Mt. Ascutney Hospital Makes Plans to Combat Opioid Crisis

Valley News Staff Writer
Friday, September 07, 2018

Windsor — Mt. Ascutney Hospital and Health Center has made progress in addressing the opioid epidemic, hospital CEO Joseph Perras told the Green Mountain Care Board during a recent budget hearing.

Such efforts have included eliminating the waitlist of patients waiting to begin medication-assisted treatment for addiction, reducing the rates of new prescriptions for opioids and benzodiazepines and establishing a location for distributing free naloxone, an overdose reversal drug sometimes known by the brand name Narcan, Perras said.

“That’s all great,” Perras said during the Aug. 29 hearing in Montpelier. “No waiting list. We’re not prescribing opioids. But we’re still failing.”

People continue to die of drug overdoses and to contract infectious diseases such as HIV and hepatitis C from drug use, he said. In 2017, 10 people in Windsor County died of drug overdoses, a rate of two people per 10,000, according to data from the Vermont Department of Health.

To address the continuing epidemic, Perras said he is going to focus on harm reduction in 2019.

“I feel like we are hitting a couple — it’s a little bit like whack-a-mole — we are hitting a few (of the issues), but if folks are still dying, we need to focus on reduction,” he said.

Not only does the epidemic affect people’s health, but it also affects the economy, Perras said. In particular, addiction prevents young people from participating in the workforce, which contributes to the hospital’s labor shortage, he said.

Harm reduction efforts could include beginning medication-assisted treatment in Mt. Ascutney’s emergency room for patients who come seeking opioids or are in opioid withdrawal, he said. In addition, he would like to begin a needle exchange program, which would provide sterile needles and information about treatment to people who use intravenous drugs. And, “down the road,” he said he’d like to see an observed injection center, also known as a supervised injection site, that would give people injecting drugs a safe place to do so.

Two needle exchange programs, run by the Lebanon-based HIV/HCV Resource Center, currently are in operation in the Upper Valley, at Good Neighbor Health Clinic in White River Junction and at the Springfield Health Center in Springfield, Vt.

And the Claremont School Board, in a 5-2 vote this week, paved the way for a third to be located at Valley Regional Hospital. The Claremont needle exchange required the school board’s approval under New Hampshire law, which bars needle exchanges from being established within 1,000 feet of school zones, unless the local board grants an exemption. Valley Regional Hospital sits next to Disnard Elementary School.
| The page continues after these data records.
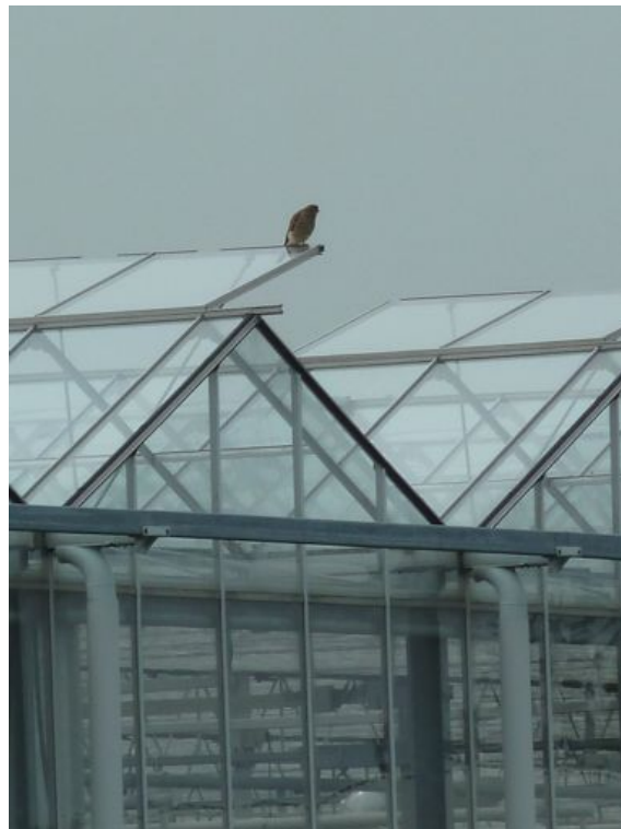
Torenvalk mannetje op kas aan Pastoor Verburghweg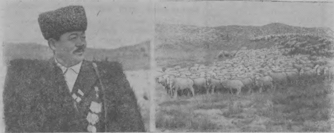
Чечено-Ингушская АССР. Ордена Ленина племсовхоз «Шелковский» — одно из передовых хозяйств страны. Из года в год здесь получают высокие настриги шерсти. Третий квартал подряд коллектив удерживает переходящее Красное знамя Министерства сельского хозяйства СССР и ЦК профсоюза рабочих и служащих сельского хозяйства и заготовок. Его достижения отмечены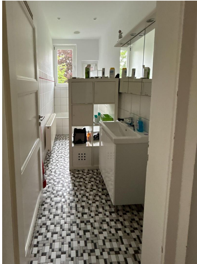
Bad 1. OG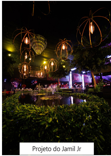
Projeto do Jamil Jr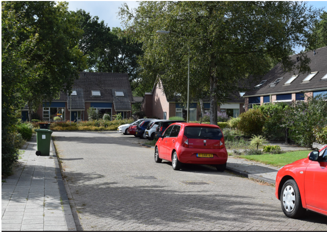
a) rijweg van betonklinkers met parkeren op straat, stoep aan beide zijden, grotere dichtheid kavels met privétuin

A previous version of Claremont’s needle exchange, which was located in the city’s soup kitchen, had to close last year because it was within a different school zone.

For his part, Peter Wright, CEO of Valley Regional, said Mt. Ascutney and others seeking to establish needle exchange programs need to be sure they have a strong relationship with their communities.
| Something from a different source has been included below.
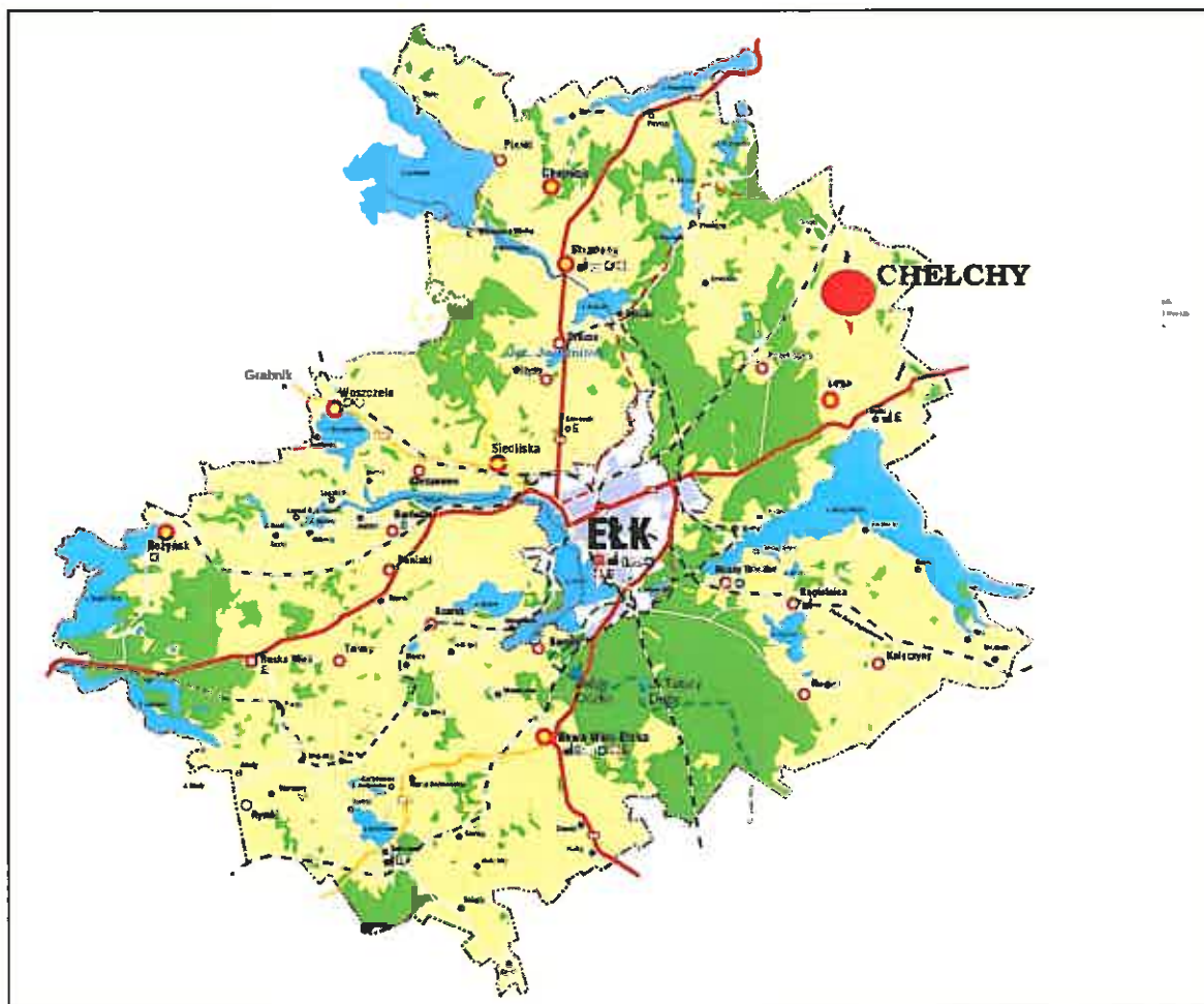
Rys 1. Mapa Gminy Elk

“In Claremont, we are in a safe school zone so we also needed to rely on our strong and long-standing relationship with the school boards,” Wright said in an email on Friday. “They need to trust us. We need to earn that. And all must be held accountable.”

Laura Byrne, the director of the HIV/HCV Resource Center, said she welcomed all three of the harm reduction ideas Perras described to the Green Mountain Care Board.

Needle exchange programs help prevent the transmission of HIV and hepatitis C by preventing people from sharing needles, she said. Such programs also help connect people to services.

Byrne, who spoke by phone from the White River Junction needle exchange at the Good Neighbor Health Clinic where she was working on Tuesday, said that a new client had come in that day and was able to get a vaccine for hepatitis A and B from providers at Good Neighbor, in addition to sterile needles.

Byrne also said that established safe injection centers in other countries, such as Canada, have been shown to prevent fatal overdoses, and the emergency room is a good place to begin providing medication assisted treatment, such as suboxone, a drug used to curb cravings for opioids, and refer people struggling with addiction to a treatment program.

Byrne’s organization has been eying Windsor as a possible location for a future needle exchange program, she said.

“We have a lot of clients from Windsor,” she said. “And they need services.”

Perras, who said via an assistant that he wanted to talk to stakeholders in Windsor before discussing his ideas with the Valley News, told the Care Board that he doesn’t expect it will be easy to get everyone on board to support these new initiatives.

“When the director of your emergency room feels like you’re substituting one opioid for another and doesn’t believe in long-term MAT ... programs, that’s a discussion that needs to happen,” Perras said. “And I met with him yesterday. And we are starting that journey together.”

As an internist, Perras said he felt the same way for a while, but the data has convinced him that such harm-reduction strategies are necessary.

“I really latched on to the saying, you know, you can’t get into recovery if you’re dead,” he said.